LGBT people have much to teach American society.  It is our turn to support this nation's social justice legacy by contributing to the model through which rights are obtained by a community.  If in adding to this model, we are true to our values in means and ends, we will have worked towards the day when this country affords equality to all of its citizens.
We applaud those organizations and activists who have built and support a LGBT social justice movement. We applaud the Audre Lorde Project, SONG, National Youth Advocacy Coalition and the National Gay and Lesbian Task Force for creating programs dedicated to racial and economic justice within the LGBT movement.  We applaud the Lesbian and Gay Community Center in New York City for leading the way for 11 national and state organizations to take a stance against the death penalty.

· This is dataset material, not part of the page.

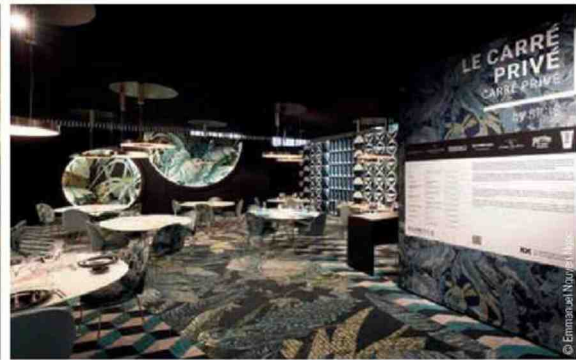
Le Carré privé ( EquipHotel 2022).

A n peu plus de six mois de son ouverture, EquipHotel , qui aura lieu du 3 au 7 novembre 2024 à Paris Porte de Versailles, lève déjà la voile sur son contenu, ou au moins sur son état d'esprit, qui se traduit dans une invitation à aller de l'avant, et à profiter des vents

We call on all national LGBT organizations to meet soon after the March to agree upon and then publish how they will institutionalize accountability amongst each other and to individual activists in the movement, to ensure that the movement is never again put in the kind of dangerous position generated by the controversy surrounding this march.

We call on ourselves, our movement's organizations and our movement's visionary leaders to continue the unfinished task of articulating a social justice vision that directs the means and ends of the LGBT movement from a genuine commitment to "justice for all."
It is time for our movement to resist isolation and act in a larger social justice community, where many LGBT people live and where the next generation will thrive.